(a) Show how Hidden Markov Models (HMMs) are used to build profiles, using the
following alignment:
LEVK
LDIR
LEIK
LDVE
(b) How do HMMs help to deal with gaps in protein families? Explain.
(a) Find the sum-of-pairs score for a given alignment. Use the following scoring function for this program: 4 points for a match, -1 points for a mismatch, -2 for a s(-,base) or s(base,-) and 0 for a s(-,-).
A-G
AC-
TCG
(b) What is the Jukes-Cantor distance model and why is it more appropriate than a simple model that merely counts the number of mismatches?
(a) Explain the role of guide trees in progressive multiple sequence alignment algorithms.
What do the leaf and internal nodes of a guide tree represent?
(b) Determine the sum-of-pairs scores for the following multiple sequence alignment of DNA sequences, using the scoring matrix in which a match gets a value of +4, a mismatch gets a value of -1, a (base,-) pair gets a value of -2, and a (-,-) pair gets a value of 0.
GCAA
GT - A
C - - A
What are some issues associated with adapting multiple sequence alignment programs to large genomic sequences?
(a) What is a sequence pattern? Explain the use of patterns for functional annotation.
(b) What are True positive, True negative, False positive, and False-negative in the context of pattern searches in protein sequences? How to obtain sequence patterns?
(a) What are low complexity regions and how are they handled in database searching and why?
(b) What is the importance of E-value in database searching?

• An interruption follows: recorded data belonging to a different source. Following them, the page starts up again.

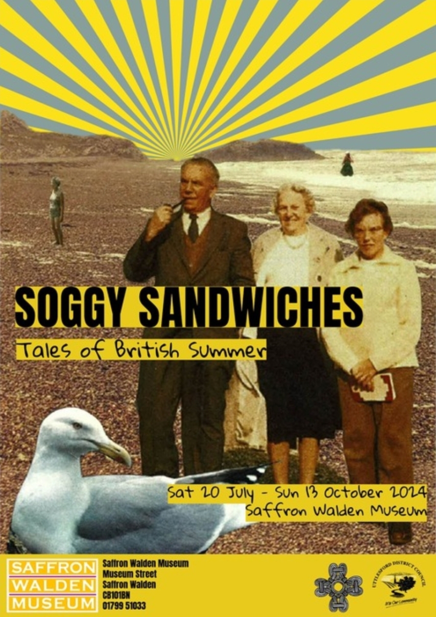 The Summer Exhibition has just launched at Saffron Walden Museum, bringing back memories of past holidays. “Soggy Sandwiches: Tales of a British Summer” is an exhibition full of colour and joy, offering the perfect way to enjoy those sometimes less-than-glorious summer afternoons. The exhibition provides an insight into how the “classic” British summer holiday has evolved from the travels of the rich to the wanderings of every person, how society has shaped holidays, and how the holiday spirit has changed society. Simon Hilton-Smith, the exhibition curator, stated that he and Charlotte Pratt, the exhibition’s designer, hoped to create a “scrapbook-like aesthetic” that encourages visitors to truly “engage with the objects on display.” He hopes that each visitor will be able to interact with the exhibition on a personal level, “creating their own unique experience and reminiscing about past holidays”. The vibrant displays are intended to prompt visitors to share their stories with others, creating an autobiographical experience that can be passed down through generations. The exhibition aims not to be a pedagogical display of facts presented in a chronological narrative but to “revive memories through visual and audio stimulation”, says Simon. Indeed, the exhibition is a real feast for the eyes, with a hanging boat, seabirds adorning the walls, and even an installation by artist Laura Joan Smith, whose work combines photographic stills and audio separated not in space but through time. Soggy Sandwiches: Tales of British Summer provoke memories, and you want to share your holiday experiences with others. So why not visit and create some new memories of your own? The exhibition is held throughout the summer holidays at Saffron Walden Museum, from July 20th until October 13th. The museum’s permanent collections and grounds, including medieval castle ruins, offer the perfect day out for the whole family. Saffron Walden Museum: The Little Museum with the entire world inside.
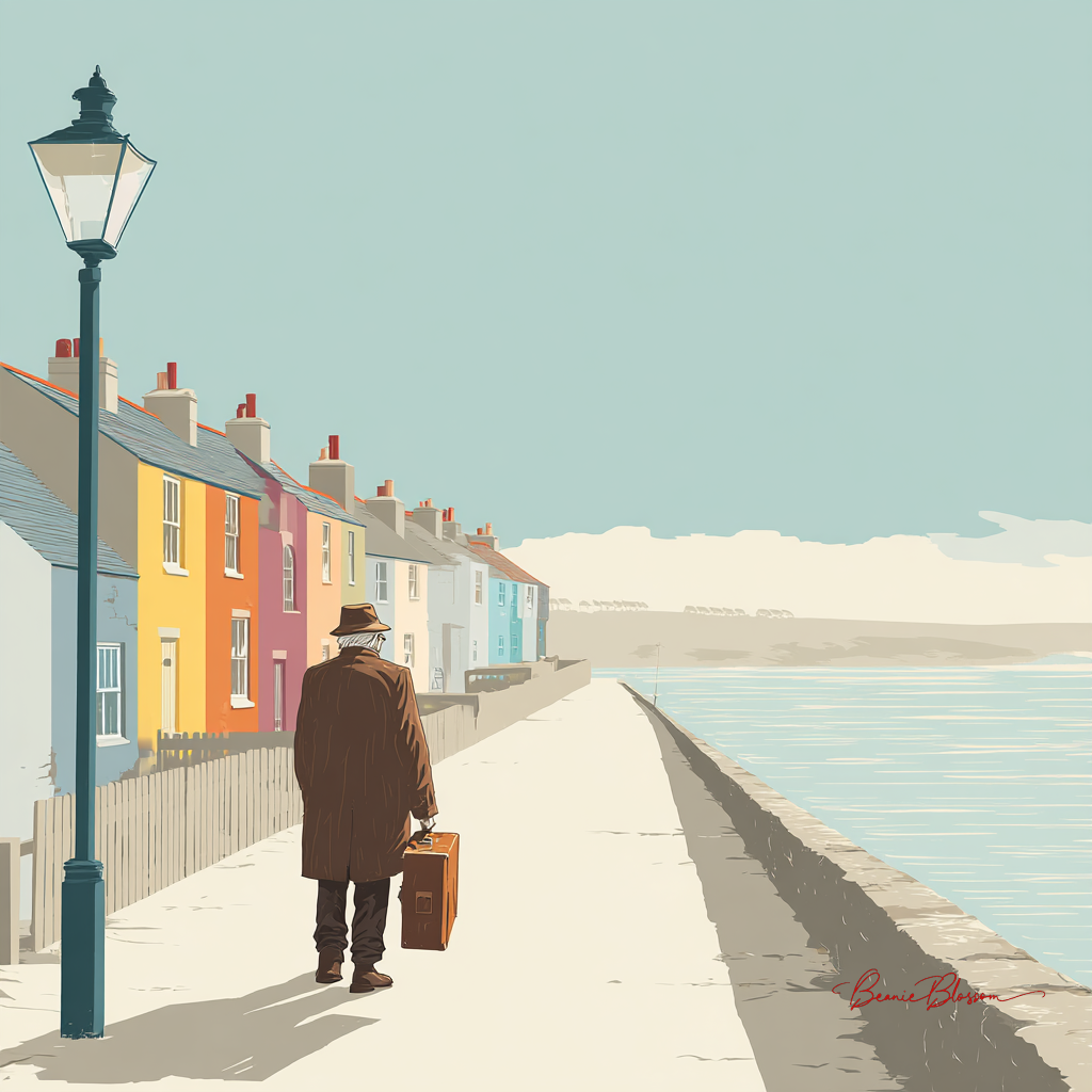 a vector illustration of an old man with his suitcase walking along the boardwalk in st ives, hayle bay, uk. The houses on one side have rainbow-colored roofs. there is a street lamp next to him, and the sea is behind it. the image has a white background.
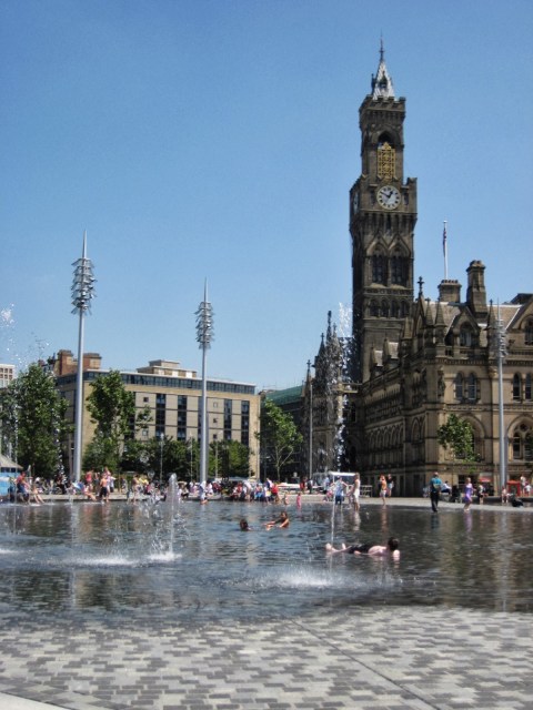 Bradford has always had a fountain in the square by the Italian inspired town hall, but since 2012 with the introduction of the Mirror Pool, we’re allowed to bathe in them too. I can’t really say swim, maybe paddle. But the 100 fountains have become a favourite with families on a hot day.
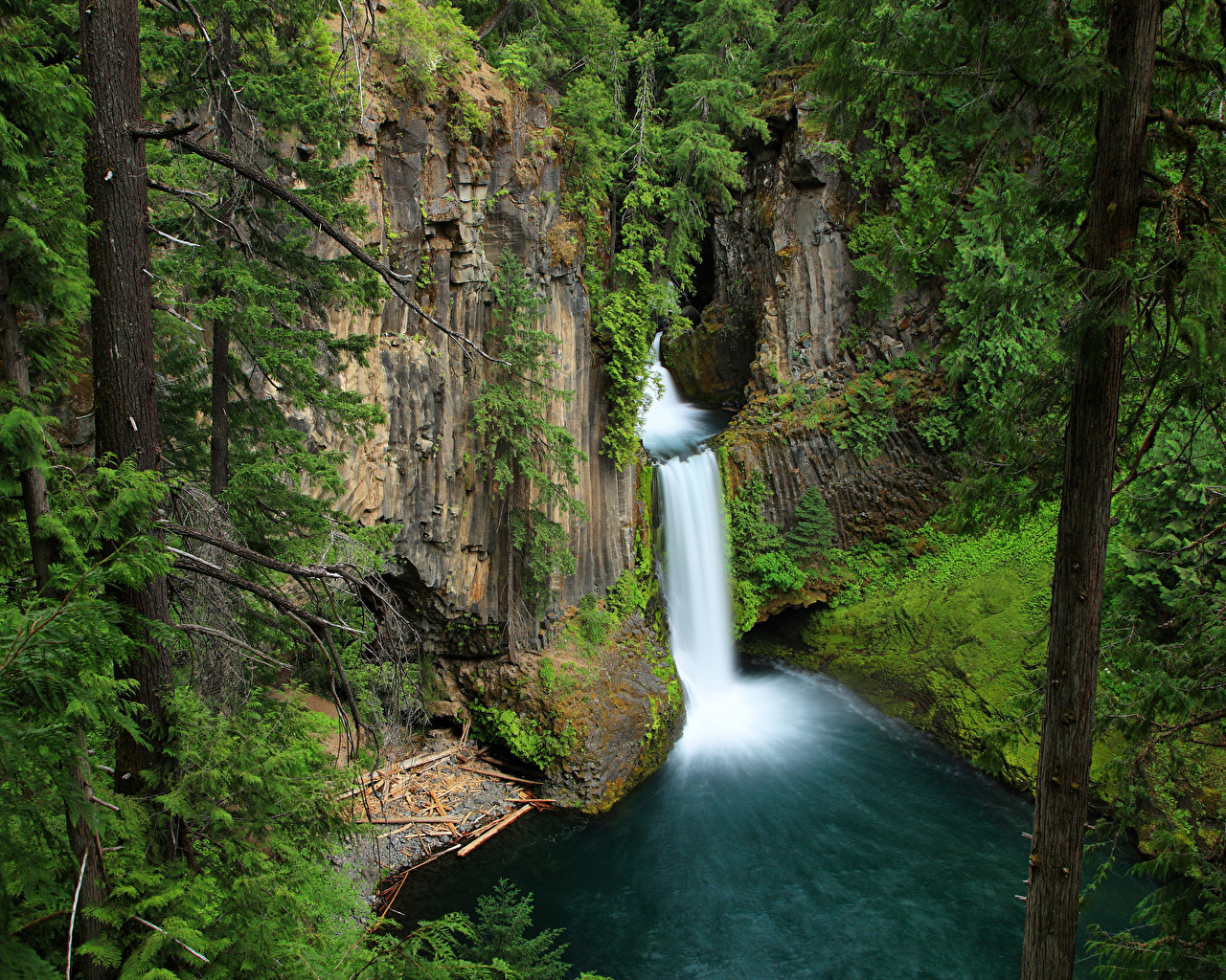 Description: A waterfall in a forest with a blue river running through it and trees surrounding it and a lush green hillside.
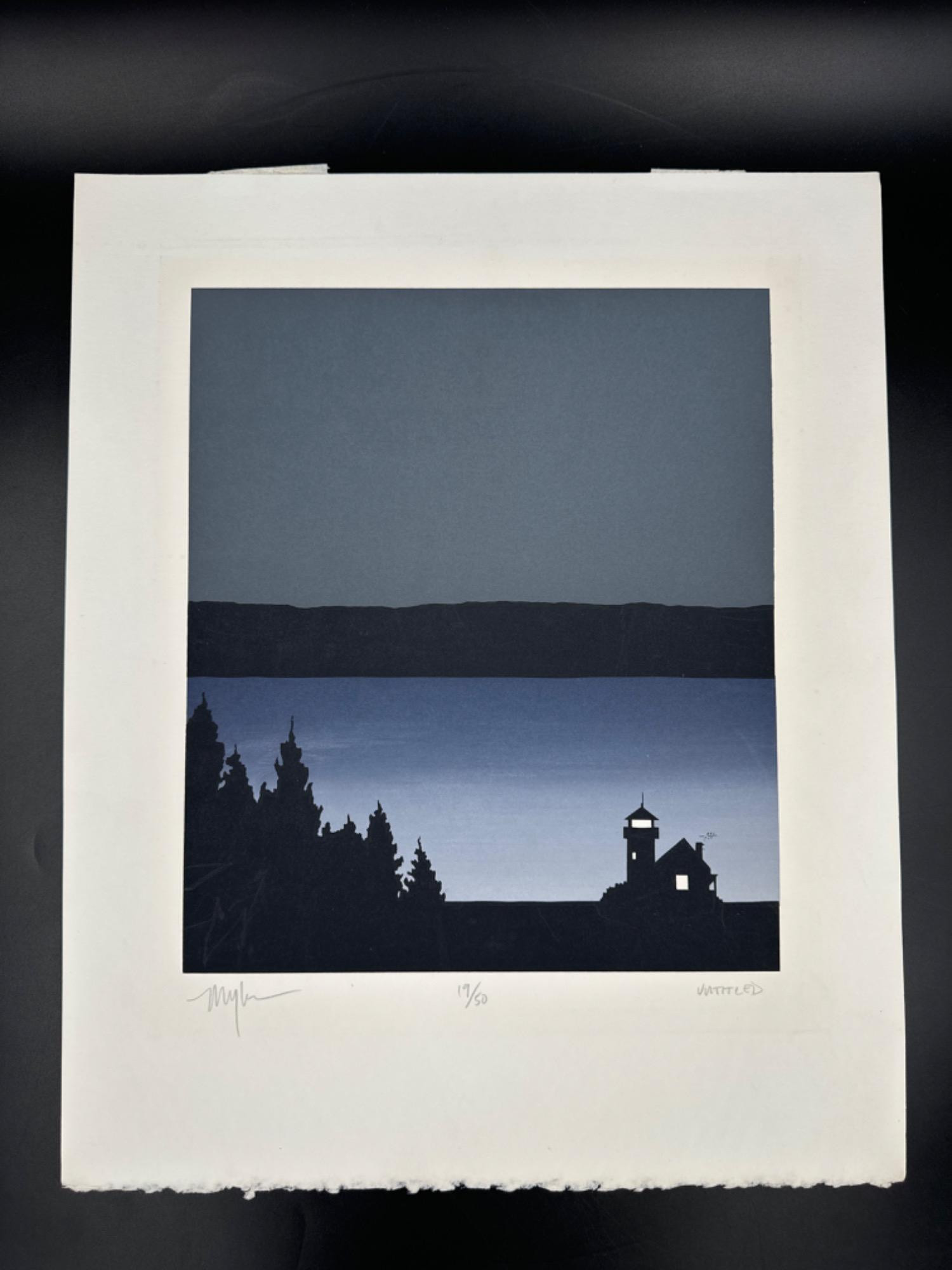S/N Landscape Silhouette Blue & Black Art Print - 19 of 50 'Untitled' Sheet measures 18.25" x 15" Unknown signature
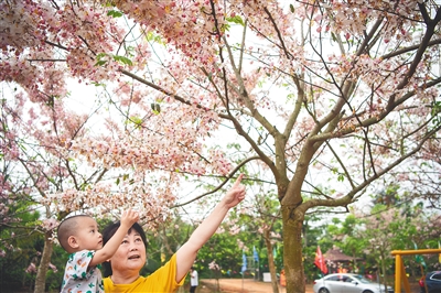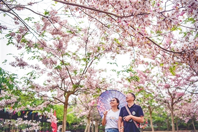 据介绍,大顺农场种植的樱花为泰国花种。因其春季开花大且美丽而得名,花开时满树繁花,整棵树都挂满了粉红的花朵,在东南亚又被称为泰国樱花。花期可维持45天左右,适宜美化庭院及城市绿化观赏。特约记者 蒙钟德 摄
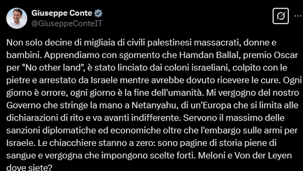 وكتب كونتي في هذا المنشور أمس: ولم يقتصر الأمر على قتل عشرات الآلاف من المدنيين الفلسطينيين، بما في ذلك النساء والأطفال، بل علمنا الآن بكل حزن أن حمدان بلال، الحائز على جائزة الأوسكار عن فيلم "لا أرض أخرى"، تعرض هو الآخر للهجوم بالحجارة من قبل المستوطنين، وتم اعتقاله من قبل الصهاينة. كل يوم هو يوم رعب، كل يوم هو يوم نهاية البشرية.
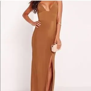 This stunning brown maxi dress by Missguided is perfect for a cocktail night out. Featuring a daring plunge neckline and a high slit, it offers a sleek bodycon fit that accentuates your silhouette. Missguided brand. Only worn once. US size 6. Stretches so can fit larger/smaller sizes depending on desired fit.
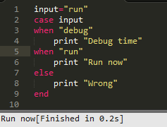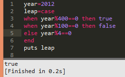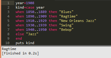 和if一样,case返回执行的最后一个表达式的值;而且如果表达式和条件在同一行上的话,可以用then关键字来加以区分。
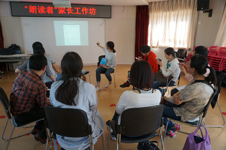 本届阅读节我园与爱心树童书馆共同策划,设计了历时四期的“朗读者”家长工作坊。爱心树的李昕主编为家长解读了阅读的重要性、如何培养一个爱阅读的孩子、不同年龄段如何选书,以及爸爸在阅读中不可忽视的作用。

(a) Distinguish between the programs BLASTP, BLASTN, BLASTX, TBLASTN,
TBLASTX of the BLAST package.
(b) Give a brief discussion of programs, PHI-BLAST, and PSI-BLAST. How is PSI- BLAST used in multiple sequence alignment?
(a)What is RMSD and what is it used for?
(b) Proteins are not rigid, but flexible. How could the RMSD definition be modified to cope with flexibility? Give the advantages and disadvantages of the basic RMSD definition and
your modification.
(a) Explain the energy landscape model for protein folding with appropriate illustrations.
(b) What is the principle of minimal frustration?
(a) Hidden Markov models (HMM) are used to identify genes in genome sequencing projects. Describe how you would build a hidden Markov model to identify genes in a genome sequence.
(b) Give one other application of hidden Markov models.